Returns the value of the input of name $name used in a form with GET method, or passed by appending a query string to the end of a url as in http://someurl.com/?data=value. If $name is not specified, returns a ref to a hash of all the query string data.

$Request->ServerVariables($name)

Returns the value of the server variable / environment variable with name $name. If $name is not specified, returns a ref to a hash of all the server / environment variables data. The following would be a common use of this method:

$env = $Request->ServerVariables();
# %{$env} here would be equivalent to the cgi %ENV in perl.

$Application Object

Like the $Session object, you may use the $Application object to store data across the entire life of the application. Every page in the ASP application always has access to this object. So if you wanted to keep track of how many visitors there where to the application during its lifetime, you might have a line like this:

$Application->{num_users}++

The Lock and Unlock methods are used to prevent simultaneous access to the $Application object.

$Application->Lock()

Locks the Application object for the life of the script, or until UnLock() unlocks it, whichever comes first. When $Application is locked, this gaurantees that data being read and written to it will not suddenly change on you between the reads and the writes.

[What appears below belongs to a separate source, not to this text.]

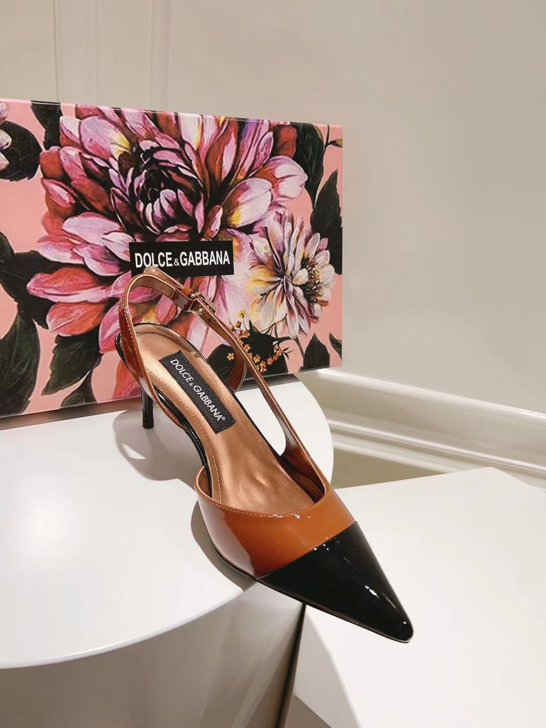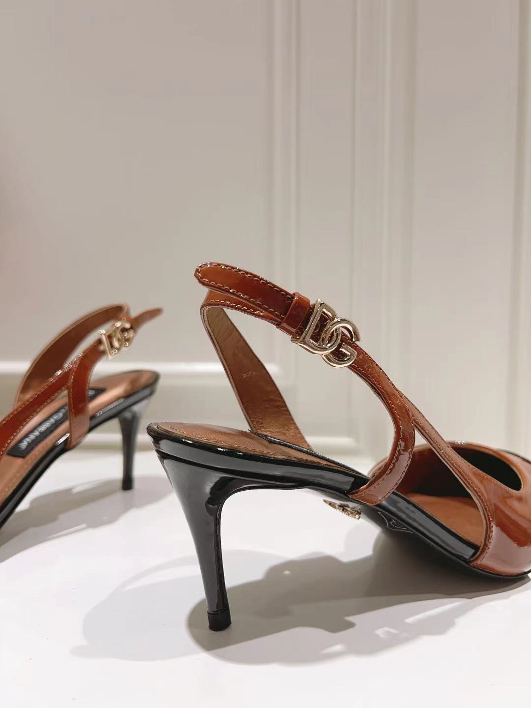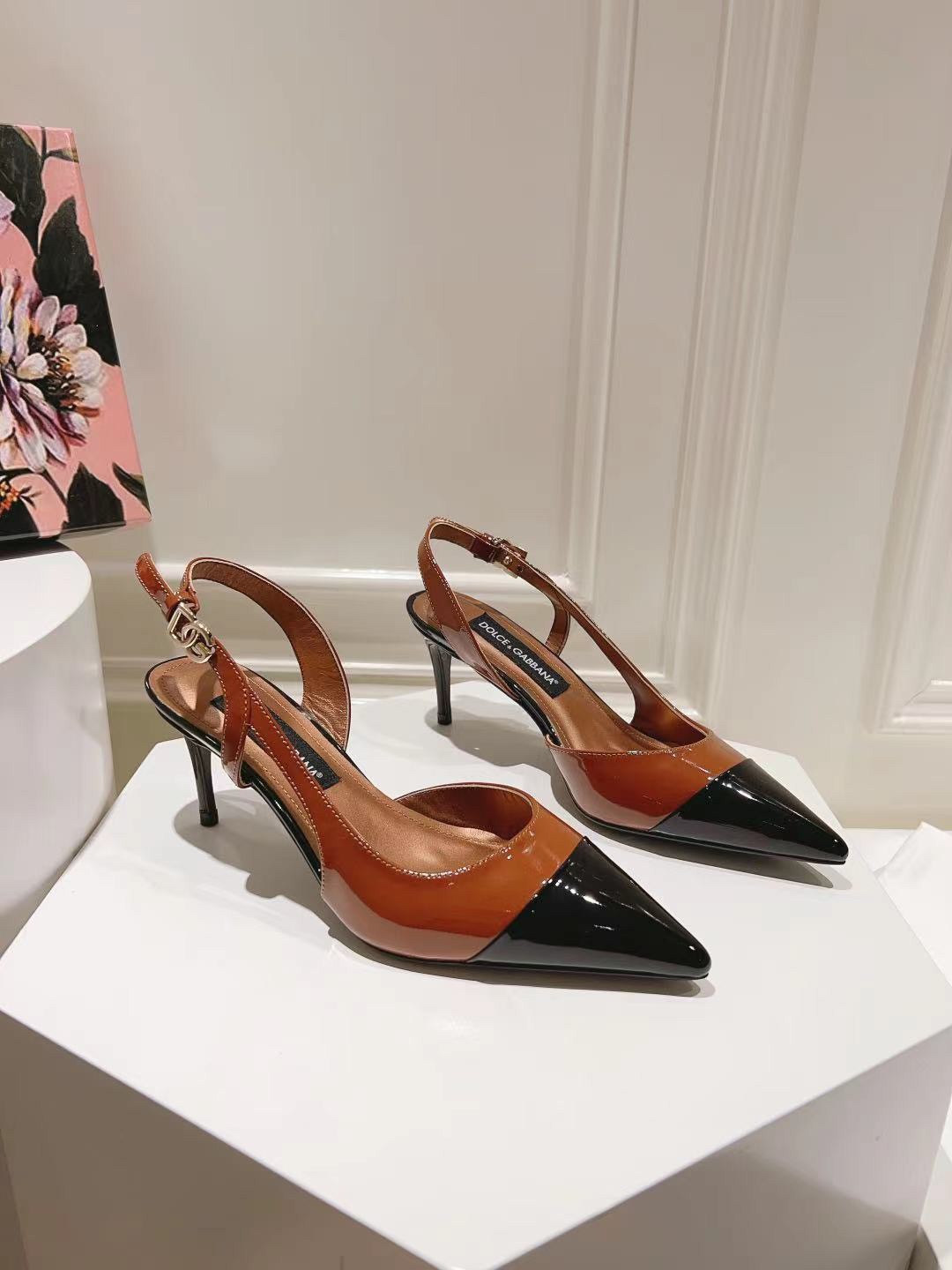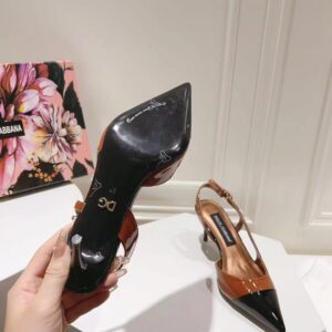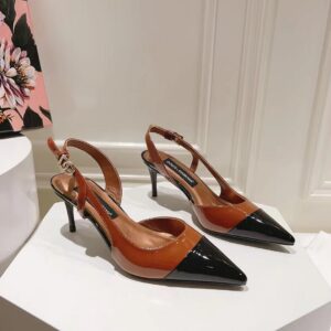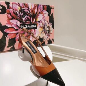 These mid-heel slingback pumps are crafted from glossy patent leather in dual-tones. Accentuate the pointed toe silhouette by styling with cropped hemlines. They feature a bold, tapered shape. Feminine and elegant, they come branded with the DG logo.
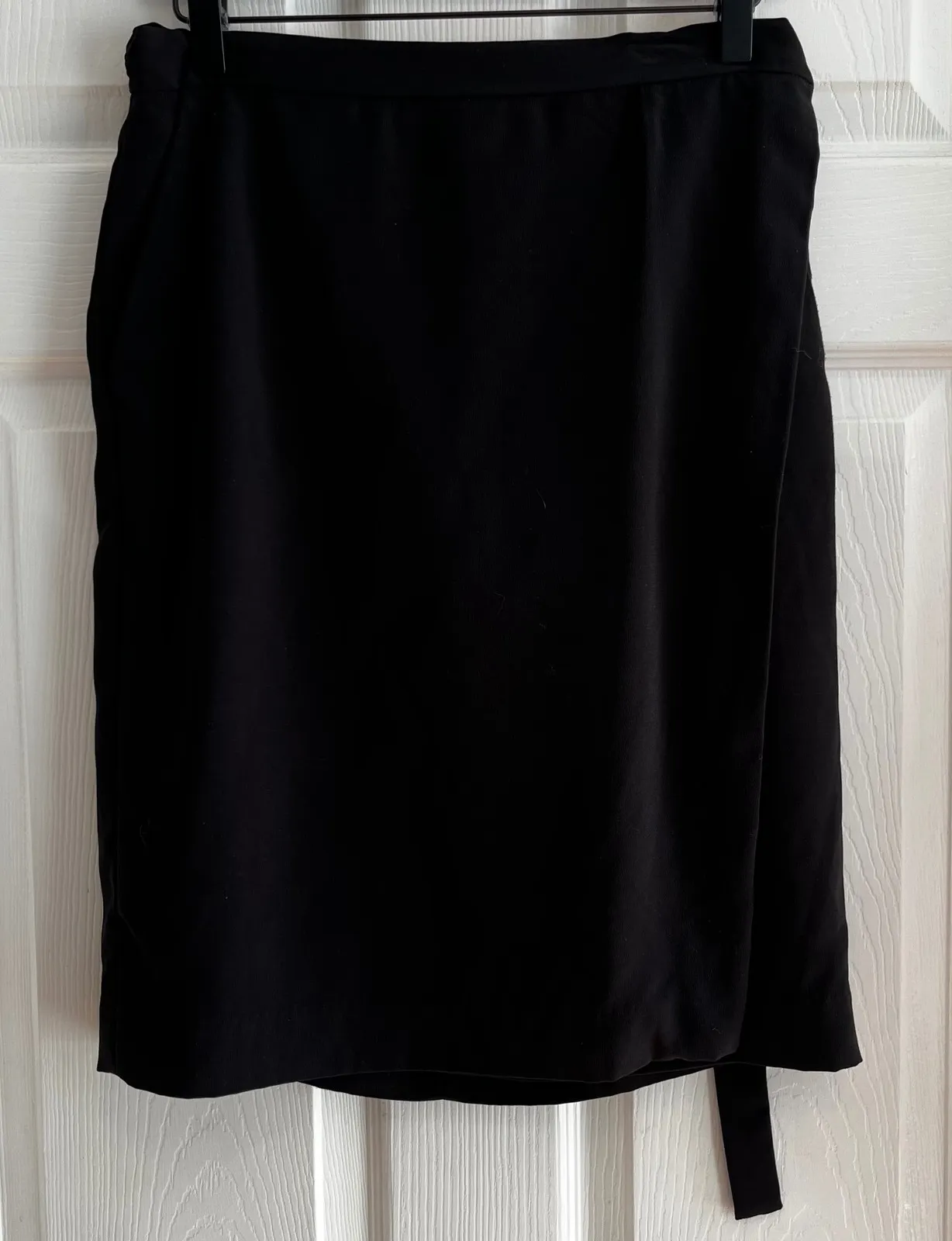 This skirt features a unique wrap-around style, offering an adjustable fit and a touch of contemporary flair. An integrated belt accentuates the waist, creating a polished and refined look. Keywords: wrap skirt, black skirt, belted skirt, business skirt, career skirt, professional skirt, office wear, casual skirt, knee length skirt, work skirt, classic skirt, minimalist skirt Thanks for Looking!

This and the $Session object both lock automatically upon every read and every write to ensure data integrity. This lock is useful for concurrent access control purposes.

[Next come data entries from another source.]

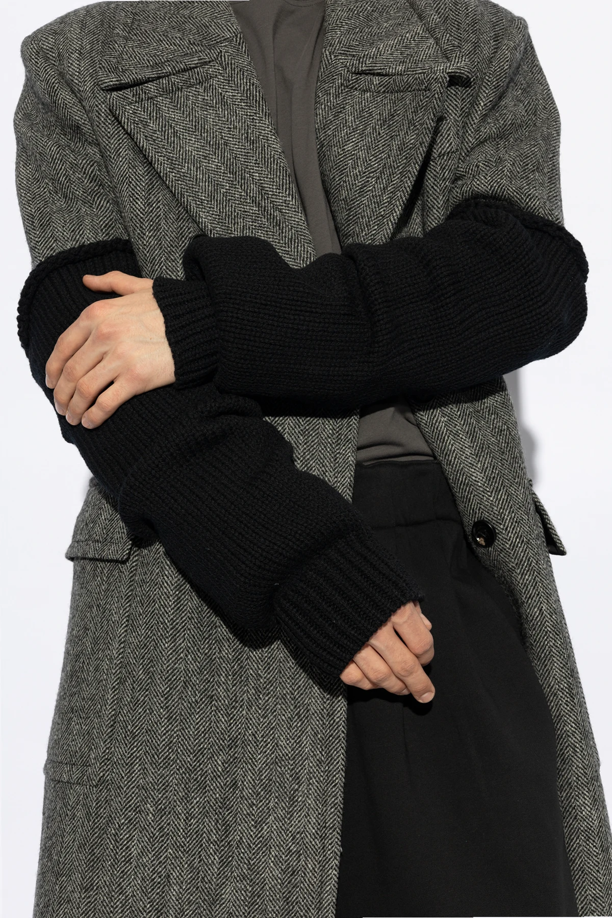 Prezentowane na modelu w połączeniu z szarym płaszczem, rękawy rewelacyjnie komponują się z różnorodnymi stylami, odświeżając i dodając oryginalności tradycyjnym outfitom.
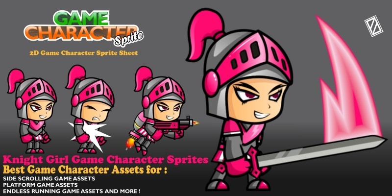 Girl Knight Game Character Sprite. Suitable for your Shooting game, Running Game,Platform Game, and more side Scrolling games.​
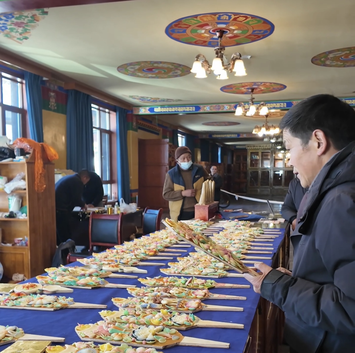 “哪種圖案寓意更好?”“‘八吉祥徽’和‘和睦四瑞’能搭配嗎?”問題接連不斷,倫珠忙得幾乎腳不沾地。他介紹,合作社于2025年11月成立,匯集了30多位手藝精湛的老師傅。為應對新年需求,大家提前一個月便開始制作,沒想到開售僅3天,1500多對酥油花便已售出,備貨幾乎告罄。
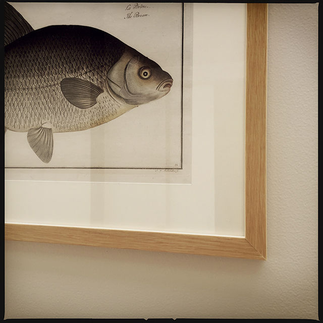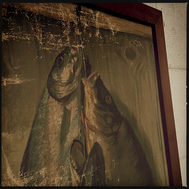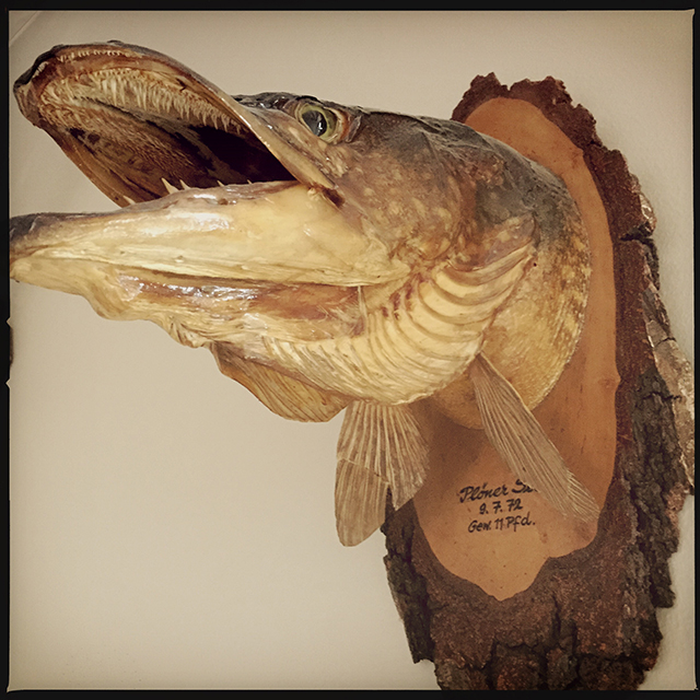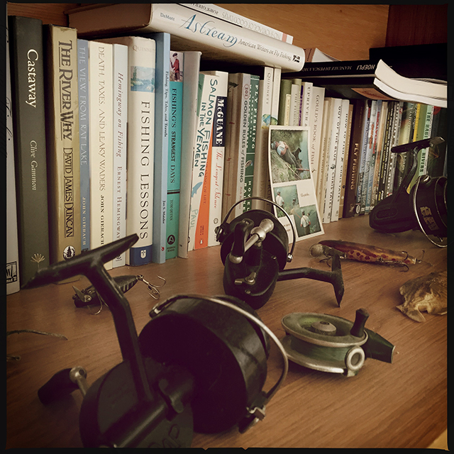 Our house is full of fishing books and magazines. Carved primitive fishes from barrier islands and third world countries. Fishing paintings and prints from God knows when or where. An antique German print I bought on Third Avenue in NYC. Fish my children painted him for his birthday before they could speak properly. Indonesian “secret message” fish. Sugar spoons shaped like fish. Bottle openers with scales and tales. Fish-adorned porcelain and plates collected at vide-greniers scattered around Burgundy. Mounted, antique pikes. Fishing rods. Reels. Bait, new and antique.

Be careful to not be too liberal with this, as you can quickly create application bottlenecks with its improper use.

$Application->UnLock()

Unlocks the $Application object. If already unlocked, does nothing.

$Application->SessionCount()

This NON-PORTABLE method returns the current number of active sessions, in the application. This method is not implemented as part of the ASP object model, but is implemented here because it is useful. In particular, when accessing databases with license requirements, one can monitor usage effectively through accessing this value.

This is a new feature as of v.06, and if run on a site with previous versions of Apache::ASP, the count may take a while to synch up. To ensure a correct count, you must delete all the current state files associated with an application, usually in the $Global/.state directory.

$Server Object

The server object is that object that handles everything the other objects do not. The best part of the server object for Win32 users is the CreateObject method which allows developers to create instances of ActiveX components, like the ADO component.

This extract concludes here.